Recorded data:

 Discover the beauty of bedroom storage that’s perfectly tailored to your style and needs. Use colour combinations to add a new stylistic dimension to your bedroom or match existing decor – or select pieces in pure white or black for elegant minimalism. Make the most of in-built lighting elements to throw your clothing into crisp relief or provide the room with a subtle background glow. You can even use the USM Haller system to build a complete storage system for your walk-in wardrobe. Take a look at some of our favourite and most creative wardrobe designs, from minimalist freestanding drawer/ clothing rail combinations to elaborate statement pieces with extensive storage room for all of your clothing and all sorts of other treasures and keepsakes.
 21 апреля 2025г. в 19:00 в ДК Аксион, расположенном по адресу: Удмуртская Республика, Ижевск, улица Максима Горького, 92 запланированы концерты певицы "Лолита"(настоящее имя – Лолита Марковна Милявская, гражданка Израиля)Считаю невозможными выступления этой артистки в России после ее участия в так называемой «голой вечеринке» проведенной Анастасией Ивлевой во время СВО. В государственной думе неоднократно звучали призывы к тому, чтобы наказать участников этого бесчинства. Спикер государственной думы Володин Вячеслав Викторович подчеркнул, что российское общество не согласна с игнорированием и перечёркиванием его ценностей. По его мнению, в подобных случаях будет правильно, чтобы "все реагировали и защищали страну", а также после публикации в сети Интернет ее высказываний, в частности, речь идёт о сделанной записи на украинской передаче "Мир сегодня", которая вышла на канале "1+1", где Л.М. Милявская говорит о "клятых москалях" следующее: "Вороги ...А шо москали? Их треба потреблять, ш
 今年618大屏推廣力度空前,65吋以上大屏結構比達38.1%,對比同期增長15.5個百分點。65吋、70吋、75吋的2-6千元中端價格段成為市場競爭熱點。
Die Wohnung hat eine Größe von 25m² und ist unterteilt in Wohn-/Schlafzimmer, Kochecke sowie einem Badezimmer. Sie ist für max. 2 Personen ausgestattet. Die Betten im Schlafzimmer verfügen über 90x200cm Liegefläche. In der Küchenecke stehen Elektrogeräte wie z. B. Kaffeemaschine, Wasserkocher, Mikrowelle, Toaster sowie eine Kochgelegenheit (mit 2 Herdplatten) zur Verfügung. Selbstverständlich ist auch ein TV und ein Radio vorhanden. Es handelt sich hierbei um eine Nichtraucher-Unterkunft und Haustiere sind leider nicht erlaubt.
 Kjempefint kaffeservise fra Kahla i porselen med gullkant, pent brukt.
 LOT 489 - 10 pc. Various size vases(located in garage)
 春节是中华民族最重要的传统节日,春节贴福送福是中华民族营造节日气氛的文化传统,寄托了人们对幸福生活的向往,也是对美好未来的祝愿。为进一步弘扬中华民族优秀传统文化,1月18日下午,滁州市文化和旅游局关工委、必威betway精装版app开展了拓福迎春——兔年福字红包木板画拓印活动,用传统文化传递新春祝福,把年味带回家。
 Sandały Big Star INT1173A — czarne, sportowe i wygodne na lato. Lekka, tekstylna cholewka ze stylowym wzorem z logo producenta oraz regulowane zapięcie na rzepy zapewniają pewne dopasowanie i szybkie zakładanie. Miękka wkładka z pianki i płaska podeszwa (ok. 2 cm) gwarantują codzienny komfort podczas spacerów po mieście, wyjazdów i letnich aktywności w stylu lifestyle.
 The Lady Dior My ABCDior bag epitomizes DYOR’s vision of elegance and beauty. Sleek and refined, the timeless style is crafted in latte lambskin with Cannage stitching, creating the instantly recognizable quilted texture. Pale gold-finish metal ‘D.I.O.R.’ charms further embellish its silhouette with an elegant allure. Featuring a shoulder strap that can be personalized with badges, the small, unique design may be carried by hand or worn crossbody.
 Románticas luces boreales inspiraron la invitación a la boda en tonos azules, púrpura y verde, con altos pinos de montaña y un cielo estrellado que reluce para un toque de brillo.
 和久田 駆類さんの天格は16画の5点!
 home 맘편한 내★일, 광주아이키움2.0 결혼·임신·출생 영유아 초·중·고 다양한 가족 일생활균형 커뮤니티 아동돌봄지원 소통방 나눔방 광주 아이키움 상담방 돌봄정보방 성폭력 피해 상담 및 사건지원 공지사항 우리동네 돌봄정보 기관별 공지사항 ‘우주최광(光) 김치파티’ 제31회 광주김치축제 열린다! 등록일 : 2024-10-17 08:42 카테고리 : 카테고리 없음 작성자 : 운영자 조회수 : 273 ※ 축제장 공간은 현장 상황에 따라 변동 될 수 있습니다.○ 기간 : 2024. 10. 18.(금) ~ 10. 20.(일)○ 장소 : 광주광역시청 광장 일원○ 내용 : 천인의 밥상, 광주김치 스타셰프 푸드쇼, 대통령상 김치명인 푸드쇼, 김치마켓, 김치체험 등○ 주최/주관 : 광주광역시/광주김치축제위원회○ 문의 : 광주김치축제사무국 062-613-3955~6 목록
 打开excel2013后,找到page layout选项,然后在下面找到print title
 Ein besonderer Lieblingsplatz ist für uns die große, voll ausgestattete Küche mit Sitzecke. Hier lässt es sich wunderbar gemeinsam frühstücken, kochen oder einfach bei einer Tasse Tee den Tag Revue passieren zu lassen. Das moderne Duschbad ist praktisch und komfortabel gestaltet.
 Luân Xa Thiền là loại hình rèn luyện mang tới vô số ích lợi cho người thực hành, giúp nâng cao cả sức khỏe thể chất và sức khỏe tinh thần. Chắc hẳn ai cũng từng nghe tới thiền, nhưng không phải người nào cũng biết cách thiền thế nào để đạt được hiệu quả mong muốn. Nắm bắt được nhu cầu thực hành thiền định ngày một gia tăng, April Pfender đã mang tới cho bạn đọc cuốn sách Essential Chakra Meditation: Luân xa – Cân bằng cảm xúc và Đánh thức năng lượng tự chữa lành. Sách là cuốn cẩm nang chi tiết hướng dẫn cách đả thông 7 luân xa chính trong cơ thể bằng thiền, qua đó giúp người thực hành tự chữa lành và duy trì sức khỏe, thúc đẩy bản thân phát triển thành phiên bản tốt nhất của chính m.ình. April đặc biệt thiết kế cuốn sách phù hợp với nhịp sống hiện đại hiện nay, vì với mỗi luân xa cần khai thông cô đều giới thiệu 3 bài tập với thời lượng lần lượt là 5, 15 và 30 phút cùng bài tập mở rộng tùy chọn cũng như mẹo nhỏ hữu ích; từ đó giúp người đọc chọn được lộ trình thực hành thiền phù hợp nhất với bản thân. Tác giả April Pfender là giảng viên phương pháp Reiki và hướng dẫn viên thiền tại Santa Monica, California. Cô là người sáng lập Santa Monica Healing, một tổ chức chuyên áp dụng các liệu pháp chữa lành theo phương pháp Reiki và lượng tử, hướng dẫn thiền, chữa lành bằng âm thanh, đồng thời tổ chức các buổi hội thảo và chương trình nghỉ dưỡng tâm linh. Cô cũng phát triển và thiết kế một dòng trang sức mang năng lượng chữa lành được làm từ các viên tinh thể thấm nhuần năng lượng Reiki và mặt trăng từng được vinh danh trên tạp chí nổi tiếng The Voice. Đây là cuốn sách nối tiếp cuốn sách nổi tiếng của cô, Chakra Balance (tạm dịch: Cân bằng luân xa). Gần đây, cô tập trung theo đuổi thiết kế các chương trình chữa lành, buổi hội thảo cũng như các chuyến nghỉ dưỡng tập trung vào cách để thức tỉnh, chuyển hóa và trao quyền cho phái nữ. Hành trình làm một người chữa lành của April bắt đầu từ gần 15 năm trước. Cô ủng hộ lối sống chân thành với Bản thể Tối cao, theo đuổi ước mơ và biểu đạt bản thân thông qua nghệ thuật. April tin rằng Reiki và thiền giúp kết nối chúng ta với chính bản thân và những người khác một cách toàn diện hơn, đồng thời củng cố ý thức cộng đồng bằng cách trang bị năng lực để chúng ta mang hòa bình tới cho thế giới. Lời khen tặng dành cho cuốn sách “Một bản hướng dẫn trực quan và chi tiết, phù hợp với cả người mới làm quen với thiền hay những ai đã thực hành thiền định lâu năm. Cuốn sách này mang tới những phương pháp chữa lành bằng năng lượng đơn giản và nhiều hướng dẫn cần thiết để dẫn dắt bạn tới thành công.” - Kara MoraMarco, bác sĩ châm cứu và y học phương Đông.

:: PROBLEM DESCRIPTION ::
Among the records above, extract exactly the lines from the line with "Kjempefint kaffeservise fra" to the line with "春节是中华民族最重要的传统节", both lines included, and leave out the rest.

:: EXERCISE ANSWER ::
 Kjempefint kaffeservise fra Kahla i porselen med gullkant, pent brukt.
 LOT 489 - 10 pc. Various size vases(located in garage)
 春节是中华民族最重要的传统节日,春节贴福送福是中华民族营造节日气氛的文化传统,寄托了人们对幸福生活的向往,也是对美好未来的祝愿。为进一步弘扬中华民族优秀传统文化,1月18日下午,滁州市文化和旅游局关工委、必威betway精装版app开展了拓福迎春——兔年福字红包木板画拓印活动,用传统文化传递新春祝福,把年味带回家。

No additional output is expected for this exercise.